On the other hand, leptin promotes T cell survival and Jurkat T lymphocytes survival [70] by modulating the expression of antiapoptotic proteins, such as Bcl-xL in stress-induced apoptosis [71]. This trophic effect of leptin on T cell is consistent with the reduction in lymphocyte numbers observed in fasted mice, that might be explained by the acute decrease in leptin levels [7, 19]. The role of leptin modulating T cell function in humans has been finally defined by clinical studies in specific and rare cases of patients with monogenic obesity. In human obesity due to congenital leptin deficiency, there is a T cell hyporesponsiveness (in addition to the expected neuroendocrine/metabolic dysfunction), and not only leptin treatment in these patients is an effective lowering body weight but it can also revert T cell response to mitogen activation in vitro [72]. In addition, leptin has been necessary in nonagenarians (≥90 years old) to maintain functional naive CD8 T cells and a healthy immune system [73].

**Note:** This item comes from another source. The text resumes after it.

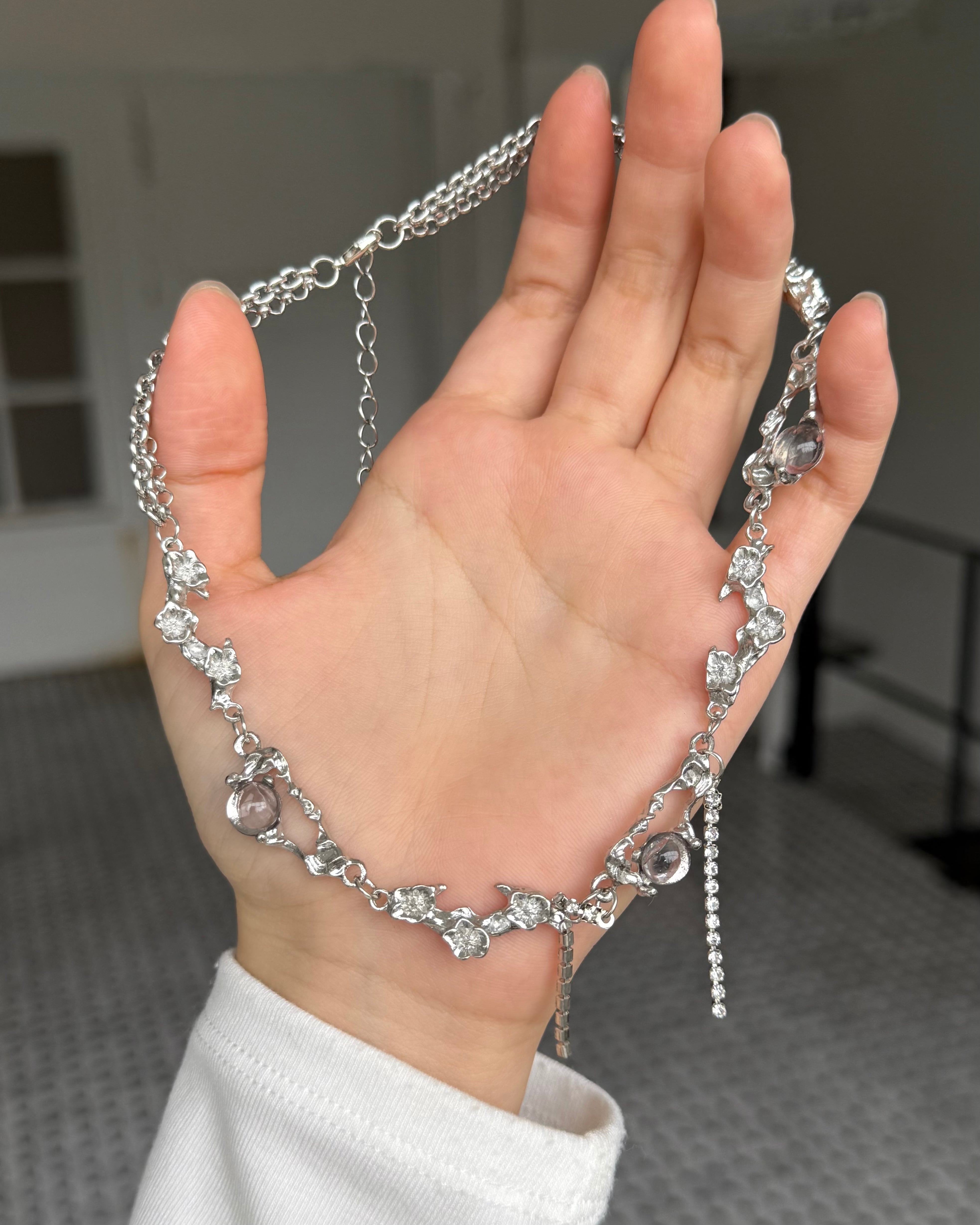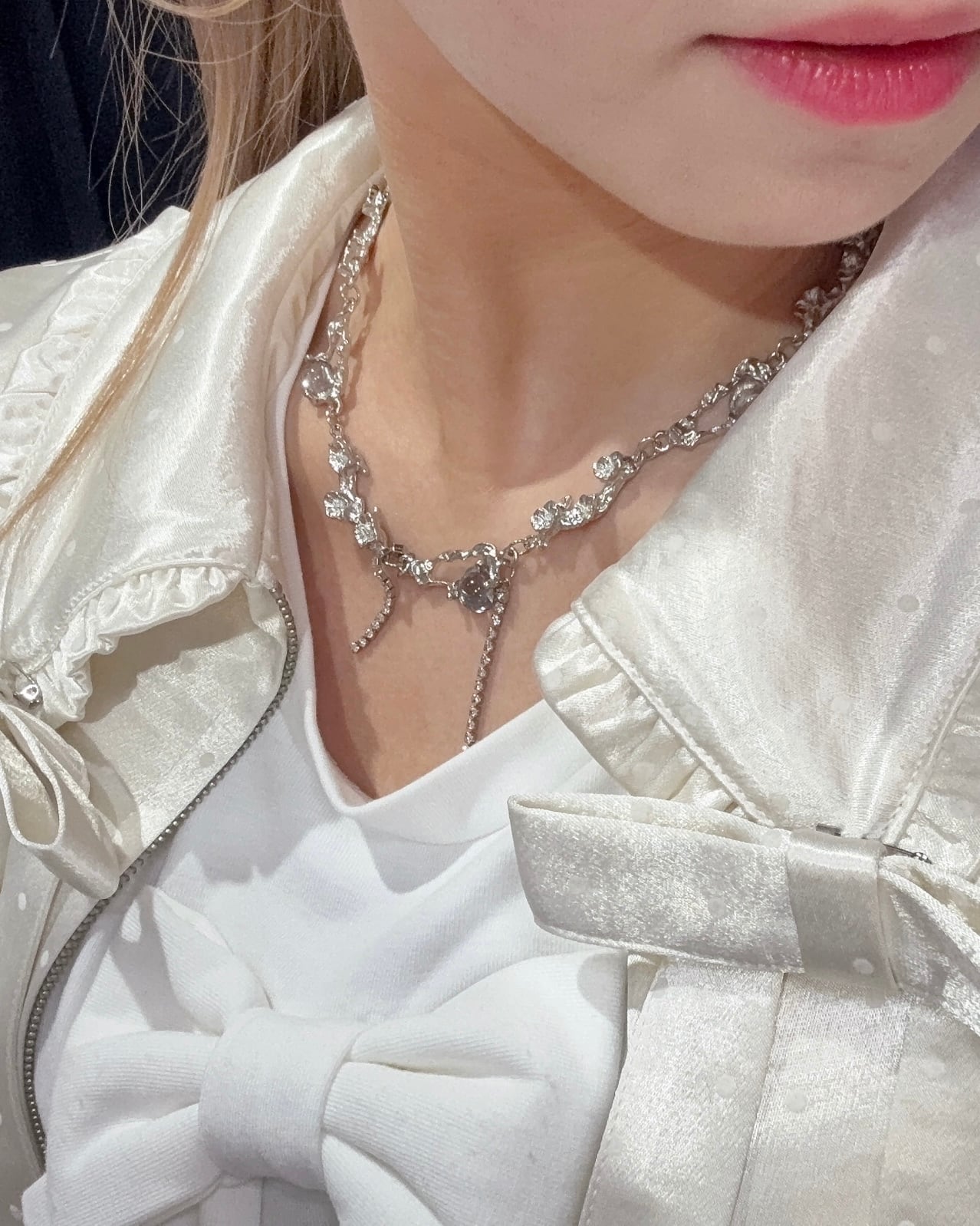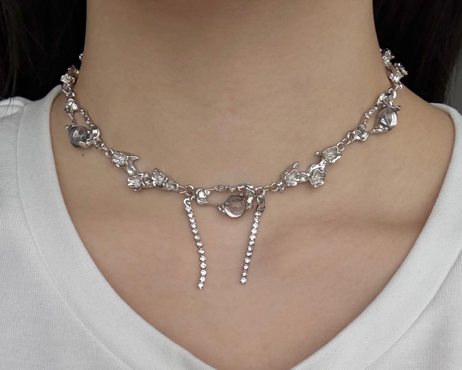 ローズやストーン、ビジューが施された存在感のあるネックレス。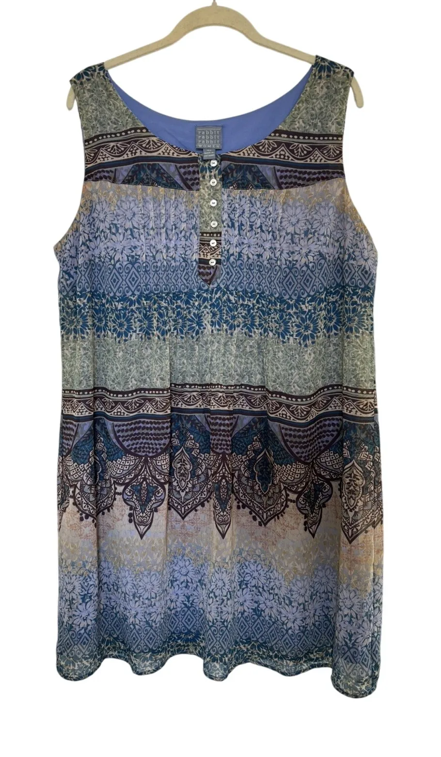 Vintage Rabbit Rabbit Rabbit Boho Dress Size 18W Lightweight material 100% polyester Blue linin... Show more

The leptin receptor is highly expressed on the cell surface of Tregs. Leptin can act as a negative signal for the proliferation of human Foxp3 ( ) CD4 ( ) CD25 ( ) regulatory T (T(reg)) cells. In vitro, neutralization with leptin monoclonal antibody (mAb), during anti-CD3 and anti-CD28 stimulation, resulted in T(reg) cell proliferation, which was interleukin-2 (IL-2) dependent. Together with the finding of enhanced proliferation of T(reg) cells observed in leptin- and ObR-deficient mice, these results suggest a potential for therapeutic interventions in immune and autoimmune diseases [74].

4. Conclusions

In conclusion, leptin plays a role in the activation of the immune system, and it is a mediator of inflammation. In this context, leptin may be one of the mediators responsible for the low-level systemic inflammation that may be present in metabolic syndrome-associated chronic pathologies such as atherosclerosis, which is associated with obesity, especially central obesity. Therefore, leptin may be considered as a therapeutic target in some clinical situations, such as proinflammatory states or autoimmune diseases, to control an excess of immune response, as well as in other clinical situations, such as starving, to control an excess of exercise, or immune deficiencies, to improve the impaired immune response. That is why the investigation of the role of leptin in the regulation of the immune response remains a challenge for the future.